PROBLEM TO SOLVE
The task calls for every line of the data to be repeated exactly.

Start of DATA FOR THIS TASK

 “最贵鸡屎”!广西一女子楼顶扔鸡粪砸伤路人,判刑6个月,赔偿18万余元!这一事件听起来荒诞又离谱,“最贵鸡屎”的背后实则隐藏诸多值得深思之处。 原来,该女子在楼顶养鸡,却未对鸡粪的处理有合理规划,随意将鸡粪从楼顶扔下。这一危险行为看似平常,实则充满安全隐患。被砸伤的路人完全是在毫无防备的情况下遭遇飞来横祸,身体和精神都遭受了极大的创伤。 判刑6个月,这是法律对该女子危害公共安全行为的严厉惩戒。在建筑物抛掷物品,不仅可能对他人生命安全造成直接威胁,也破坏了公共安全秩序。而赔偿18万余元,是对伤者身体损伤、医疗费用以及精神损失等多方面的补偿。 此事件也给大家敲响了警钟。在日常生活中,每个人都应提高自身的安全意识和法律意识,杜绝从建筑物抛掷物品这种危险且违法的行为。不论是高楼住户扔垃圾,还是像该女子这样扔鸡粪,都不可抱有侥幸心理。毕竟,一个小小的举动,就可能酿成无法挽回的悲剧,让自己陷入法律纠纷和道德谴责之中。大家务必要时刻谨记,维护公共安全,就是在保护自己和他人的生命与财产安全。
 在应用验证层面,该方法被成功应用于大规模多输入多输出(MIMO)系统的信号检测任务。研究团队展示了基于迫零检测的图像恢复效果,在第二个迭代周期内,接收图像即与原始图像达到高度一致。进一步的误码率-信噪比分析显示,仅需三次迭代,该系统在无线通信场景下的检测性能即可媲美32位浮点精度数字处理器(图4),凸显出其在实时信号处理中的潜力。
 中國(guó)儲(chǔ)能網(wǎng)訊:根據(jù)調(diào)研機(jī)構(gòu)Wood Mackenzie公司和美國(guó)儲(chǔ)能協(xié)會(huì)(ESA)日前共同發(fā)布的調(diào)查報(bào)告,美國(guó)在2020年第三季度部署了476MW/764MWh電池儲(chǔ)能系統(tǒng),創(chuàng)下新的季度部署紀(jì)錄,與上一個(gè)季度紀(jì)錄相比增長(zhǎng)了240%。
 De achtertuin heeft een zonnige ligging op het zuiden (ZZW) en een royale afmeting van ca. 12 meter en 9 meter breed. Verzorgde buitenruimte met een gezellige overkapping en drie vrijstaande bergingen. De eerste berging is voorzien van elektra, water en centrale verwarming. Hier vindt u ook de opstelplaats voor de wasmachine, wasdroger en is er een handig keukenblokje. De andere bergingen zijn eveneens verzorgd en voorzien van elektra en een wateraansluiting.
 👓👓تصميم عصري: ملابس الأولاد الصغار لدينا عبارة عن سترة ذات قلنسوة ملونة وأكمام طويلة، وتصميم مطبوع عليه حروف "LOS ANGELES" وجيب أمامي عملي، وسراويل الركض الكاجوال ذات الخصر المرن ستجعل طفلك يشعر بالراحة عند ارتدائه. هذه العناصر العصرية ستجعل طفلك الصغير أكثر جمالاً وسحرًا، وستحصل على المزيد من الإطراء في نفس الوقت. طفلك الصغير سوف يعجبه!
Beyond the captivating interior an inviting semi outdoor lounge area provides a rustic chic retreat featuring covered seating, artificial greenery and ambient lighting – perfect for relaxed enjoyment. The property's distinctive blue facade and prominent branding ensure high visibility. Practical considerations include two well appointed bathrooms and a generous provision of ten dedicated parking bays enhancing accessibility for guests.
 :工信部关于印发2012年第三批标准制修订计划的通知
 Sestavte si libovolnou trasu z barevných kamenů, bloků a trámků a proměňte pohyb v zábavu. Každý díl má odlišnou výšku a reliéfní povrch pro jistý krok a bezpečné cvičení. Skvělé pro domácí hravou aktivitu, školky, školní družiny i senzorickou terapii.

End of DATA FOR THIS TASK

RESULT OF THIS TASK
 “最贵鸡屎”!广西一女子楼顶扔鸡粪砸伤路人,判刑6个月,赔偿18万余元!这一事件听起来荒诞又离谱,“最贵鸡屎”的背后实则隐藏诸多值得深思之处。 原来,该女子在楼顶养鸡,却未对鸡粪的处理有合理规划,随意将鸡粪从楼顶扔下。这一危险行为看似平常,实则充满安全隐患。被砸伤的路人完全是在毫无防备的情况下遭遇飞来横祸,身体和精神都遭受了极大的创伤。 判刑6个月,这是法律对该女子危害公共安全行为的严厉惩戒。在建筑物抛掷物品,不仅可能对他人生命安全造成直接威胁,也破坏了公共安全秩序。而赔偿18万余元,是对伤者身体损伤、医疗费用以及精神损失等多方面的补偿。 此事件也给大家敲响了警钟。在日常生活中,每个人都应提高自身的安全意识和法律意识,杜绝从建筑物抛掷物品这种危险且违法的行为。不论是高楼住户扔垃圾,还是像该女子这样扔鸡粪,都不可抱有侥幸心理。毕竟,一个小小的举动,就可能酿成无法挽回的悲剧,让自己陷入法律纠纷和道德谴责之中。大家务必要时刻谨记,维护公共安全,就是在保护自己和他人的生命与财产安全。
 在应用验证层面,该方法被成功应用于大规模多输入多输出(MIMO)系统的信号检测任务。研究团队展示了基于迫零检测的图像恢复效果,在第二个迭代周期内,接收图像即与原始图像达到高度一致。进一步的误码率-信噪比分析显示,仅需三次迭代,该系统在无线通信场景下的检测性能即可媲美32位浮点精度数字处理器(图4),凸显出其在实时信号处理中的潜力。
 中國(guó)儲(chǔ)能網(wǎng)訊:根據(jù)調(diào)研機(jī)構(gòu)Wood Mackenzie公司和美國(guó)儲(chǔ)能協(xié)會(huì)(ESA)日前共同發(fā)布的調(diào)查報(bào)告,美國(guó)在2020年第三季度部署了476MW/764MWh電池儲(chǔ)能系統(tǒng),創(chuàng)下新的季度部署紀(jì)錄,與上一個(gè)季度紀(jì)錄相比增長(zhǎng)了240%。
 De achtertuin heeft een zonnige ligging op het zuiden (ZZW) en een royale afmeting van ca. 12 meter en 9 meter breed. Verzorgde buitenruimte met een gezellige overkapping en drie vrijstaande bergingen. De eerste berging is voorzien van elektra, water en centrale verwarming. Hier vindt u ook de opstelplaats voor de wasmachine, wasdroger en is er een handig keukenblokje. De andere bergingen zijn eveneens verzorgd en voorzien van elektra en een wateraansluiting.
 👓👓تصميم عصري: ملابس الأولاد الصغار لدينا عبارة عن سترة ذات قلنسوة ملونة وأكمام طويلة، وتصميم مطبوع عليه حروف "LOS ANGELES" وجيب أمامي عملي، وسراويل الركض الكاجوال ذات الخصر المرن ستجعل طفلك يشعر بالراحة عند ارتدائه. هذه العناصر العصرية ستجعل طفلك الصغير أكثر جمالاً وسحرًا، وستحصل على المزيد من الإطراء في نفس الوقت. طفلك الصغير سوف يعجبه!
Beyond the captivating interior an inviting semi outdoor lounge area provides a rustic chic retreat featuring covered seating, artificial greenery and ambient lighting – perfect for relaxed enjoyment. The property's distinctive blue facade and prominent branding ensure high visibility. Practical considerations include two well appointed bathrooms and a generous provision of ten dedicated parking bays enhancing accessibility for guests.
 :工信部关于印发2012年第三批标准制修订计划的通知
 Sestavte si libovolnou trasu z barevných kamenů, bloků a trámků a proměňte pohyb v zábavu. Každý díl má odlišnou výšku a reliéfní povrch pro jistý krok a bezpečné cvičení. Skvělé pro domácí hravou aktivitu, školky, školní družiny i senzorickou terapii.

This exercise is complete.